You can try setting the limit to the AL2 values to see if that gets your metrics in line: https://awslabs.github.io/amazon-eks-ami/nodeadm/doc/examples/#modifying-container-rlimits

And if that does the trick, consider disabling the JVM's auto-increase of its file descriptor limit. You should see significantly lower memory allocated with the default limit on AL2023 of 65536.

Answer 2 · 2024-06-25T17:27:28.000Z

@cartermckinnon we tried:

AL2 file limits (soft/hard at 810042)
AL2023 default file limits (65536 / 1048576)
Setting -XX:-MaxFDLimit to the workloads

All to no avail, the memory use of the pods remained in the same high area (75+% of limits). Switching back to AL2 images brought the memory use again back down.

Answer 3 · 2024-06-25T17:34:46.000Z

@priestjim i believe Carter asked to try AL2023 with 810042 (both default and max) - i.e, use the same limits in AL2023 that were in your AL2 default kernel settings.

Answer 4 · 2024-06-25T17:44:36.000Z

@dims yes, we validated the metrics against AL2023 images using the AL2 limits (810042 for both soft/hard maximums), against AL2023 defaults and again against AL2/AL2023 limits with JAVA_TOOL_OPTIONS: -XX:-MaxFDLimit

Answer 5 · 2024-06-25T17:53:43.000Z

Thanks @priestjim I'll try to repro this and take a closer look.

Answer 6 · 2024-07-01T19:36:05.000Z

Which Java 11 version is being used? Versions prior to 11.0.16.0 do not have support for cgroup v2 which is used by AL2023. This leads to the JVM lacking container awareness and using whatever memory it can.

From the pod, what's the output of java -XshowSettings:system -version?

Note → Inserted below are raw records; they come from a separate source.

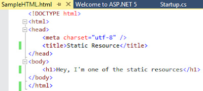 Create a HTML file under wwwroot folder. Below is my sample HTML file named SampleHTML:
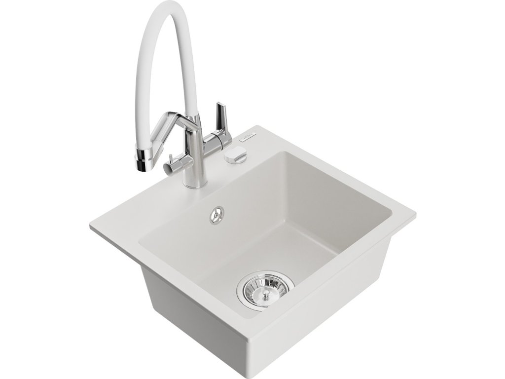 MEXEN/S - Milo granitový dřez 1-miska včetně baterie Duo, bílá 6505-20-671701-02
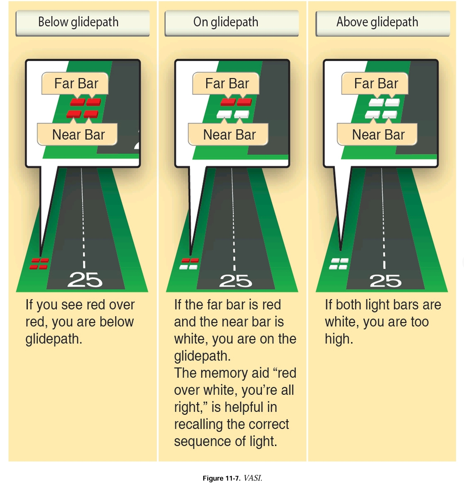 조종사는 권장 대기속도를 유지해야 하고 주간과 같은 방법으로 접근 및 착륙을 수행해야 한다. 야간 착륙 도중 low, shallow approach는 적절하지 못하다. base leg와 final approach에 대한 비행기 위치를 altimeter • VSI와 끊임없이 비교해야 한다. VASI(Visual Approach Slope Indicator)는 올바른 glide path를 유지하는데 필수적인 보조 장치이다. [그림 11-7]
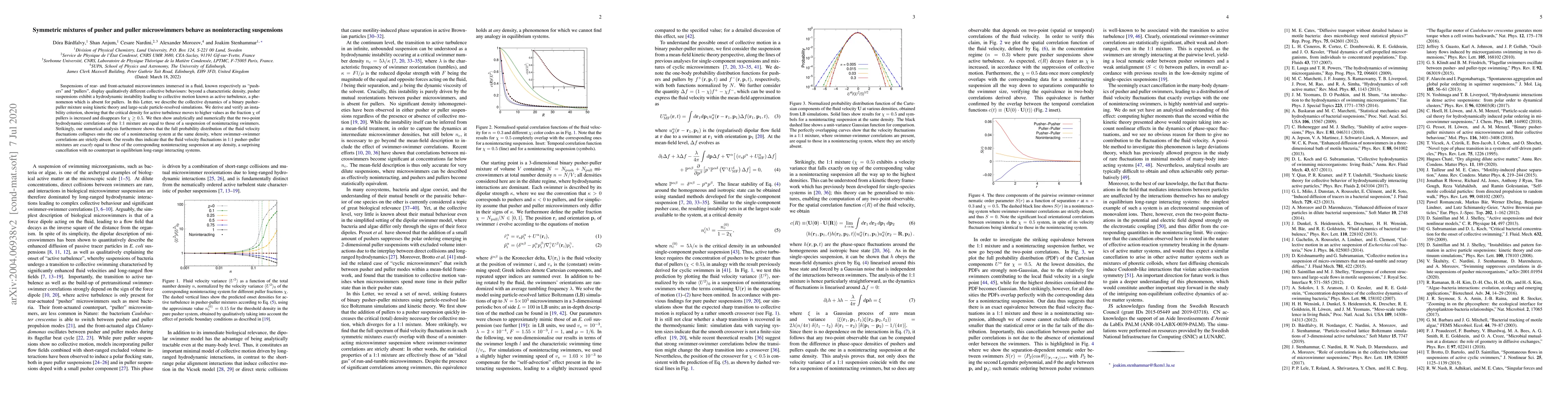 Suspensions of rear- and front-actuated microswimmers immersed in a fluid, known respectively as ``pushers'' and ``pullers'', display qualitatively different collective behaviours: beyond a characteristic density, pusher suspensions exhibit a hydrodynamic instability leading to collective motion known as active turbulence, a phenomenon which is absent for pullers. In this Letter, we describe the collective dynamics of a binary pusher--puller mixture using kinetic theory and large-scale particle-resolved simulations. We derive and verify an instability criterion, showing that the critical density for active turbulence moves to higher values as the fraction $\chi$ of pullers is increased and disappears for $\chi \geq 0.5$. We then show analytically and numerically that the two-point hydrodynamic correlations of the 1:1 mixture are equal to those of a suspension of noninteracting swimmers. Strikingly, our numerical analysis furthermore shows that the full probability distribution of the fluid velocity fluctuations collapses onto the one of a noninteracting system at the same density, where swimmer--swimmer correlations are strictly absent. Our results thus indicate that the fluid velocity fluctuations in 1:1 pusher--puller mixtures are exactly equal to those of the corresponding noninteracting suspension at any density, a surprising cancellation with no counterpart in equilibrium long-range interacting systems.
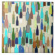 Weinflaschen in Erdfarben braun, rost und braun mit türkisfarbenen und blauen Akzenten vor einem neutralen, beigen Hintergrund

If this is seen then it supports cgroup v2:

Operating System Metrics:
    Provider: cgroupv2

If instead you see this then it does not have support for cgroup v2:

Operating System Metrics:
    No metrics available for this platform

Answer 7 · 2024-07-01T20:00:19.000Z

@JoeNorth you're absolutely correct in that the JDK version we're using (11.0.6) does not support cgroupv2. We'll look into upgrading to the latest OpenJDK 11 patch version and report back.

Answer 8 · 2024-07-01T20:50:24.000Z

ah thanks @JoeNorth, I missed the java version in the desc. In general you'll need openjdk 11 or 15+ to get cgroupv2 support, unless the distro you use has cherry-picked it.